Поначалу он считал суровый моральный кодекс сэра Джорджа бредом сумасшедшего. Уинстон восставал против лишения себя земных благ и выражал недовольство тем, что его низвели до положения простого работяги. Не сразу, но постепенно он начал понимать то, что с ним происходит, и осознал ценность теории сэра Джорджа.
Без алкоголя и искусственных стимуляторов Уинстон стал мыслить отчетливее, его чувства обострились. Без ненужных затрат энергии на беспорядочные половые связи он обнаружил такие запасы сил и воли, о наличии которых даже не догадывался. Его тело было орудием, разум — механизмом, направляющим к достижению цели. Когда он вспоминал свою юность, проведенную в каком-то полубредовом состоянии, ему казалось, что это происходило с кем-то другим. Ему не верилось, что он так долго и бездарно растрачивал то, чем одарил его Господь, — решительность, честолюбие, ум и целеустремленность — все это он мог бы с успехом использовать и раньше.
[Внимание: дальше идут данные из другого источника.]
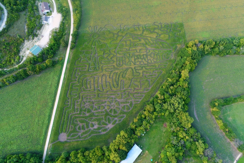 Lazy T Ranch Adventures in Manhattan, KS has a farm theme for this years design. Come out and get lost in this amazing corn maze this fall.
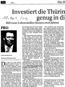 Zitat Thüringer Bildungsminister Matschie in der Thüringer Allgemeine vom 10.April 2013:
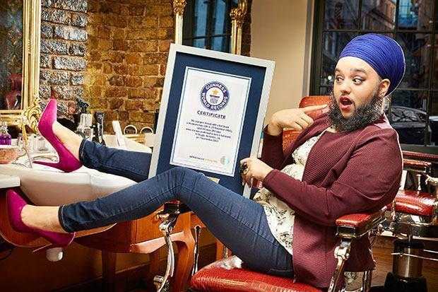 男人长胡子是一件非常正常的事,那是女人长胡子就不多见了。英国伯克郡有个妹子叫哈纳姆考尔,现在是世界上最年轻长胡子女性的吉尼斯纪录保持者,很多人奇怪,他为什么会长胡子呢?原来哈纳姆考尔得了一种叫多囊性卵巢综合病的病,这种病导致他面部毛发旺盛,从而有了浓密的络腮胡,哈纳姆考尔24岁时获得的这项奇葩的吉尼斯世界纪录,因为长胡子他从小就被欺负,但是哈纳姆考尔并未就此灰心丧气。经过努力,他现在已经是一名模特了。
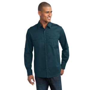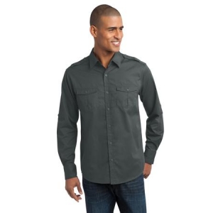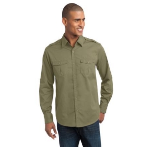 Perfect for uniforming, the soil-release finish helps maintain a spotless, professional look. Epaulets and roll sleeves give this colorfast shirt contemporary, military-inspired style.

Не понял он одного: охота на людей заменила ему наркотик, стала его стимулятором, его манией. Без этого он бы просто умер.
Он обнаружил в себе талант к интриге и под руководством сэра Джорджа предпринял проект, который должен был принести ему славу: он занялся составлением подробнейших досье на каждого из осужденных и сосланных на Тасманию преступников. С помощью этих досье и собственной целеустремленности ему удалось выследить и безжалостно расправиться с поразительно большим числом беглых каторжников. Свое прозвище Крысолов он заработал благодаря железной, как у терьера, хватке. Уинстону и в голову не приходило, что те самые качества, из-за которых его спровадили из Англии — жестокость, необузданная ярость, рабская зависимость от своих желаний, — теперь ему разрешались и даже поощрялись. Он не считал себя жестоким или свирепым. Он был просто человеком, выполняющим свое предназначение в жизни, и это позволяло ему жить в мире и согласии с самим собой.
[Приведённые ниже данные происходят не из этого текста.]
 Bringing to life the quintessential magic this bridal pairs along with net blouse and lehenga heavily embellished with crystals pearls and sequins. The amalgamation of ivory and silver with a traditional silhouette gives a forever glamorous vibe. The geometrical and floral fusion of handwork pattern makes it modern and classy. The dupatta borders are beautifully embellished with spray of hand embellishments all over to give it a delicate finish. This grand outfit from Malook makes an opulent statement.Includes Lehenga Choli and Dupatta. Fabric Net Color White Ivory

Он снова провел пальцем по шраму на щеке и едва заметно усмехнулся, подумав об иронии судьбы. Эту отметину оставила на нем преступница, отобрав у него его красоту, которой он так гордился, и за свое преступление она была справедливо наказана. Этот шрам уязвил его самолюбие и чуть было не разрушил его жизнь, потому что именно из-за уязвленного самолюбия он был наказан. Но его наказание обернулось триумфом, и теперь он имел возможность вершить правосудие над всеми, кто пытался от него уйти. Это привносило в жизнь равновесие, и ему это нравилось.
Он вынул карманные часы, взглянул на них и вернулся под навес. Надо подождать еще несколько минут. Он не был любителем устраивать торжественные встречи, однако давно понял, что на высокопоставленных правительственных чиновников пышные приемы производят должное впечатление. А в данном случае, должен был признать Уинстон, у него было немалое искушение встретить старого друга так, чтобы тот почувствовал изменившиеся обстоятельства и понял, что теперь он выступает с позиции силы. Он все продумал и теперь с непривычным нетерпением ждал этой встречи, которая должна была произойти с минуты на минуту.
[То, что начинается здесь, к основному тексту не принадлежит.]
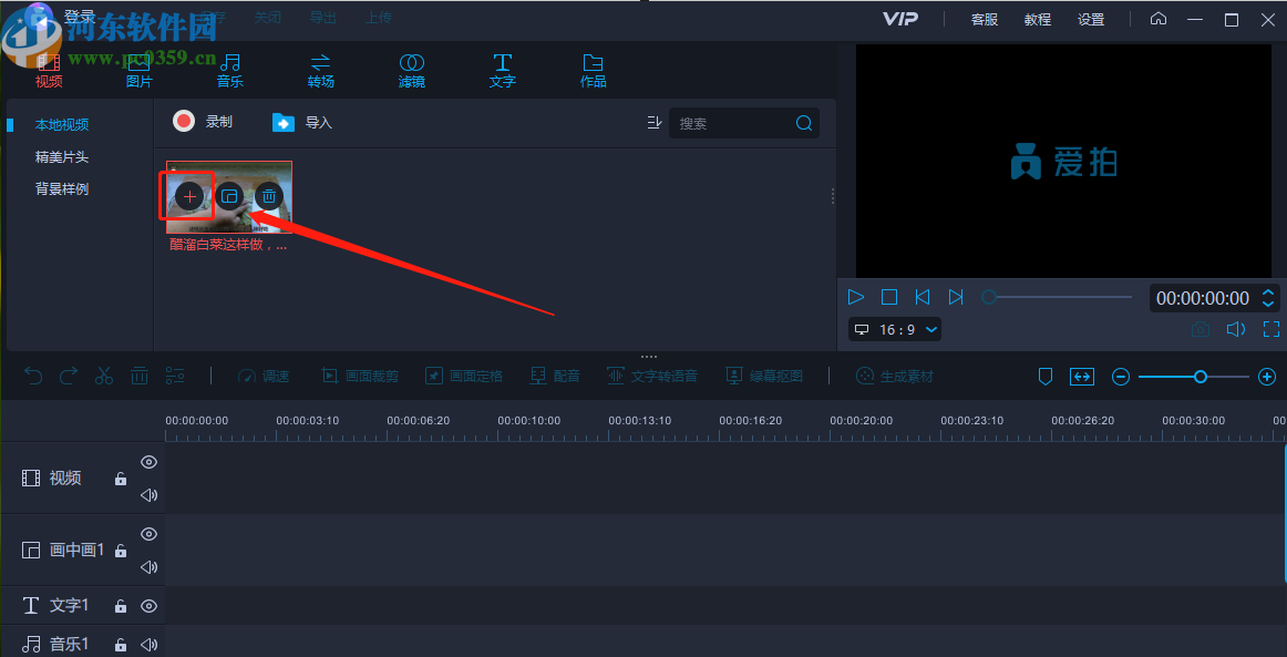 4.点击打开按钮之后在界面就可以看到添加进来的视频了,点击添加图标即可将视频添加到下方的操作轨道当中。

На время своего пребывания в Сиднее Эштон остановился в комфортабельном доме сэра Найджела в Кэмден-плейс; он предполагал пробыть в Сиднее совсем недолго, так что не было смысла открывать для этого городской дом его дядюшки. По правде говоря, он приехал в Сидней с намерением вообще отделаться от городского дома, потому что не собирался часто бывать здесь. Однако после встречи с Мадди Берне у него появились другие мысли. Он уже не исключал возможность, что ему захочется бывать в городе чаще, чем он предполагал первоначально.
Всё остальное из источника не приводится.